# Bending/Stripping Cabinet Screws



## WNYcarpenter (Mar 2, 2007)

There's a set of cabinet clamp at the depot for around $50. Well worth it. By turning one knob clamping pressure flushes the stiles and holds the cabs tight. They come as a set of two. there's a pre-drill hole that keeps your bit straight. 

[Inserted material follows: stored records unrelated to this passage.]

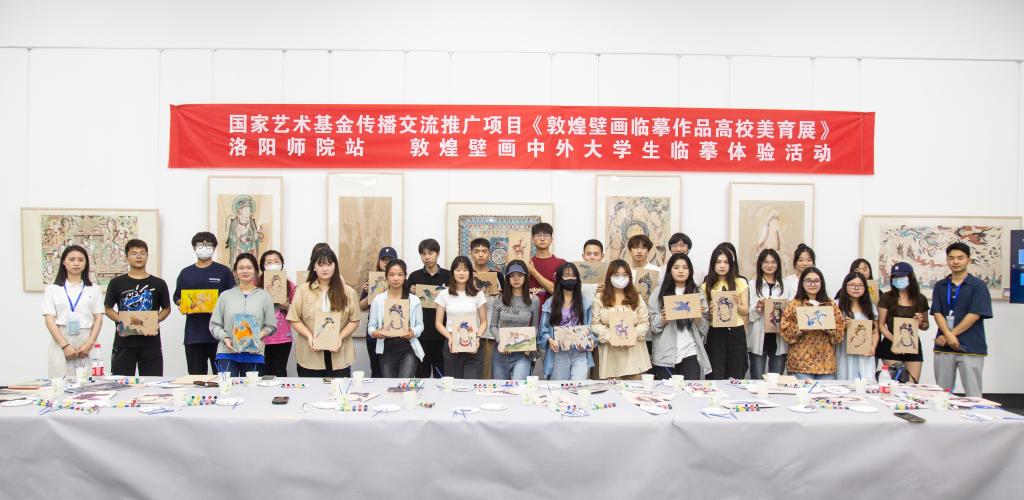 6月20日上午,国家艺术基金2020年度传播交流推广资助项目“大美华彩——敦煌壁画临摹作品高校美育展”在我校开展。开幕仪式在河洛美术馆鸿都广场举行,副校长赵邦屯,西北师范大学博士生导师、项目负责人、敦煌学院首任院长田卫戈教授,洛阳龙门石窟研究院院长、博士生导师史家珍教授,洛阳市文联副主席、洛阳市美术家协会主席、洛阳美术馆馆长张建京,科研管理处、美术与艺术设计学院相关负责人以及师生代表参加活动。
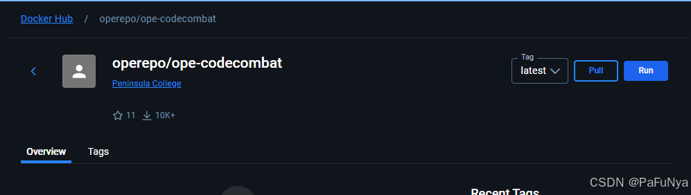 5.进去之后点击左侧的dockerhub,然后搜索codecombat,sort那栏选择popular,我偶们下第二个,也就是operepo/ope-codecombat
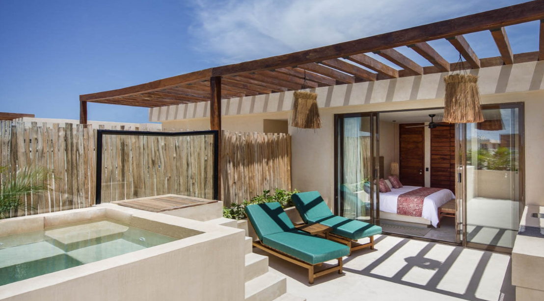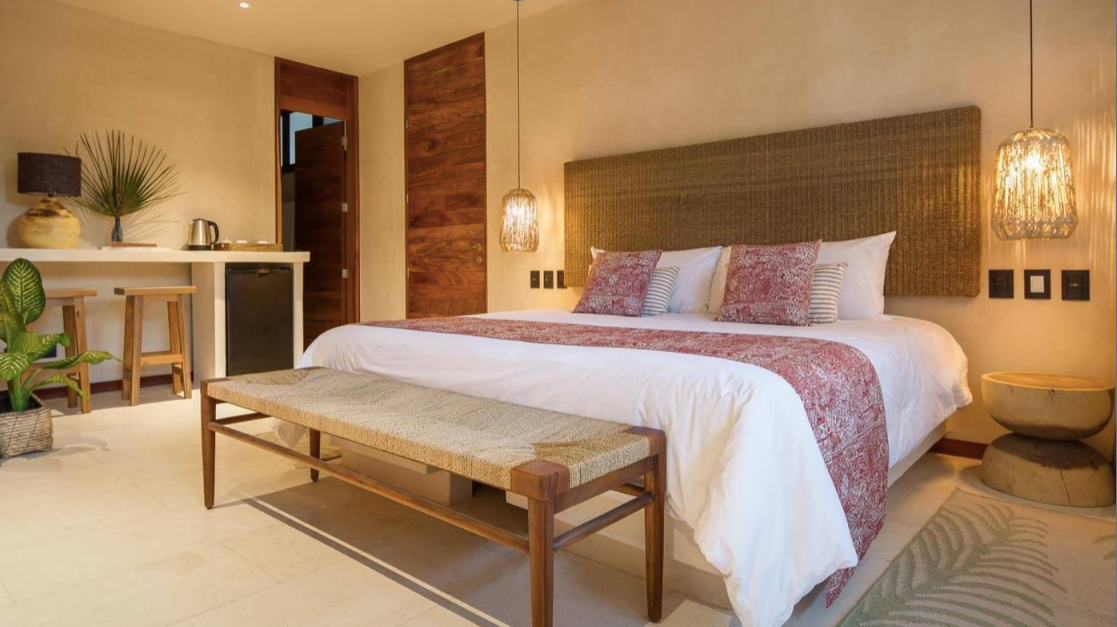 A tranquil hideaway designed for rest and reconnection, surrounded by lush jungle. This studio features a private pool that blends harmoniously with the natural surroundings, and décor inspired by the raw, mystical beauty of Tulum.
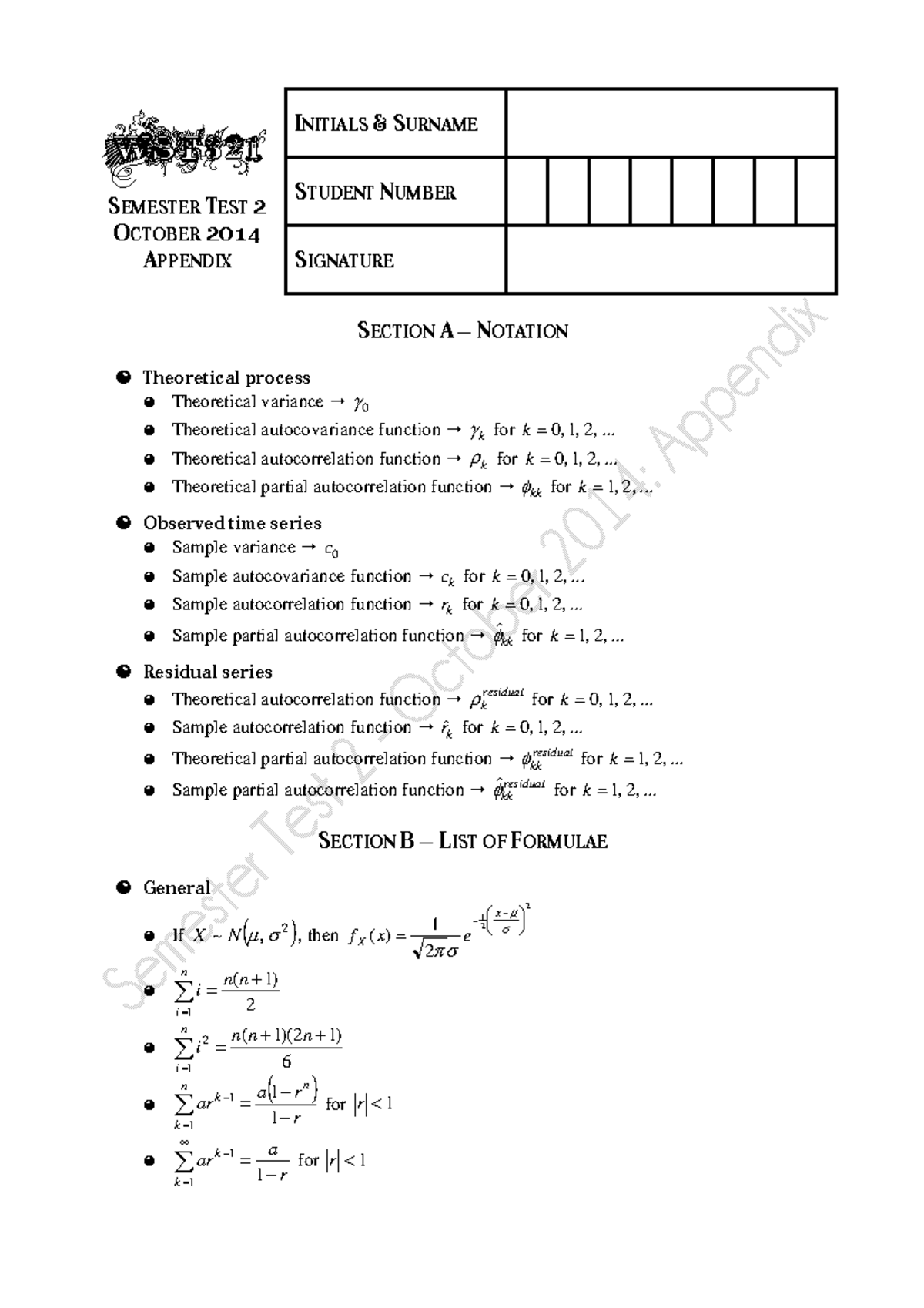 Semestertest 2-2014 appendix - WST SEMESTER TEST 2 OCTOBER 2014 ...
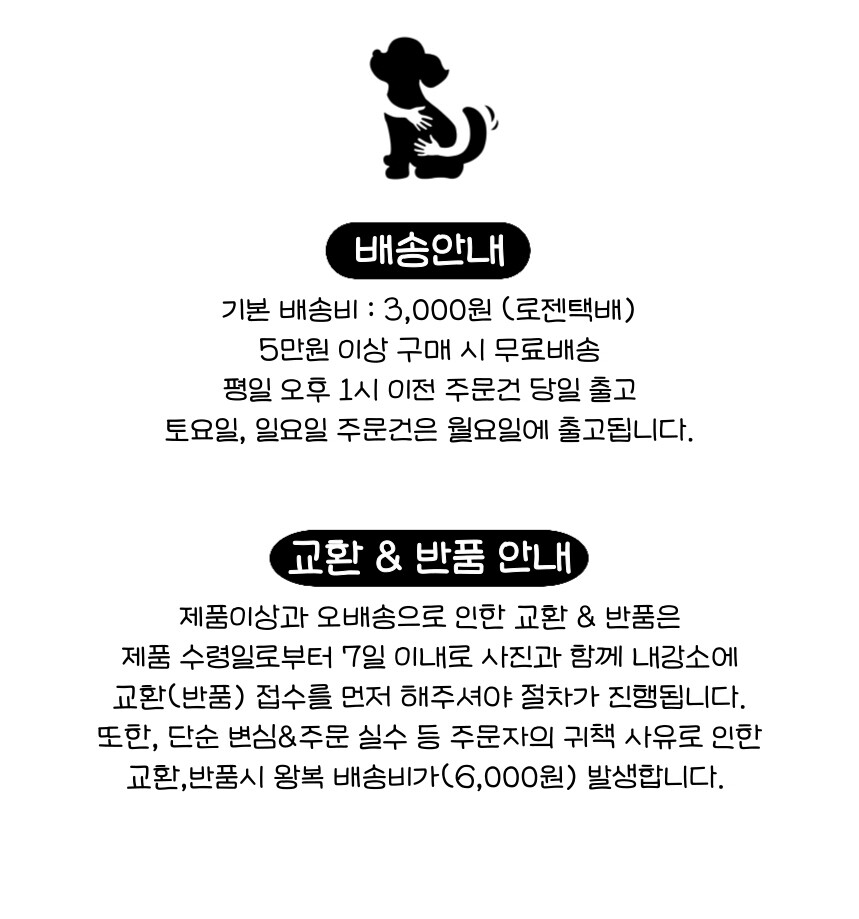 배송 비용 ㅣ 단순 변심은 왕복 택배비 6,000원 (반품 상품을 제외한 나머지 금액이 50,000원 이상일 경우에는 3,000원)
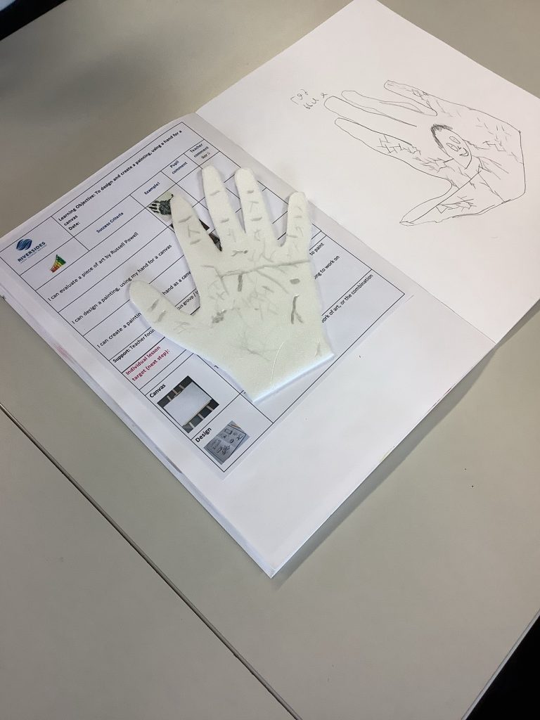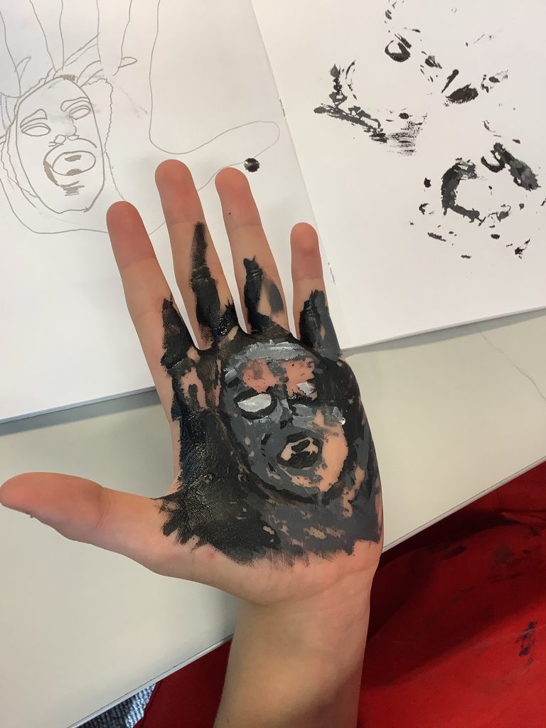 Finally, students are introduced to the work of Russell Powell, a hand-print painter. Powell creates his art by using his hand as a canvas for painting intricate portraits before printing them onto paper. Students have the opportunity to create their own hand-printed portrait – for those not wishing to get messy, they can make a Styrofoam hand to complete the print.
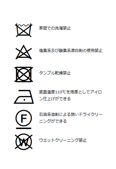 | 洗濯表記 | 詳しくはこちら⇒ |

Maybe this is so well known I'm silly for mentioning it. Some guys carry a bar of soap and pull the screw through it for lubrication. What I do and I read it in JLC or somewhere. I buy a $.99 wax ring for a toilet and dip the screw in.....Haven't broken or bent a screw in years.


----------



## Greg Di (Mar 12, 2005)

WNYcarpenter said:


> Maybe this is so well known I'm silly for mentioning it. Some guys carry a bar of soap and pull the screw through it for lubrication. What I do and I read it in JLC or somewhere. I buy a $.99 wax ring for a toilet and dip the screw in.....Haven't broken or bent a screw in years.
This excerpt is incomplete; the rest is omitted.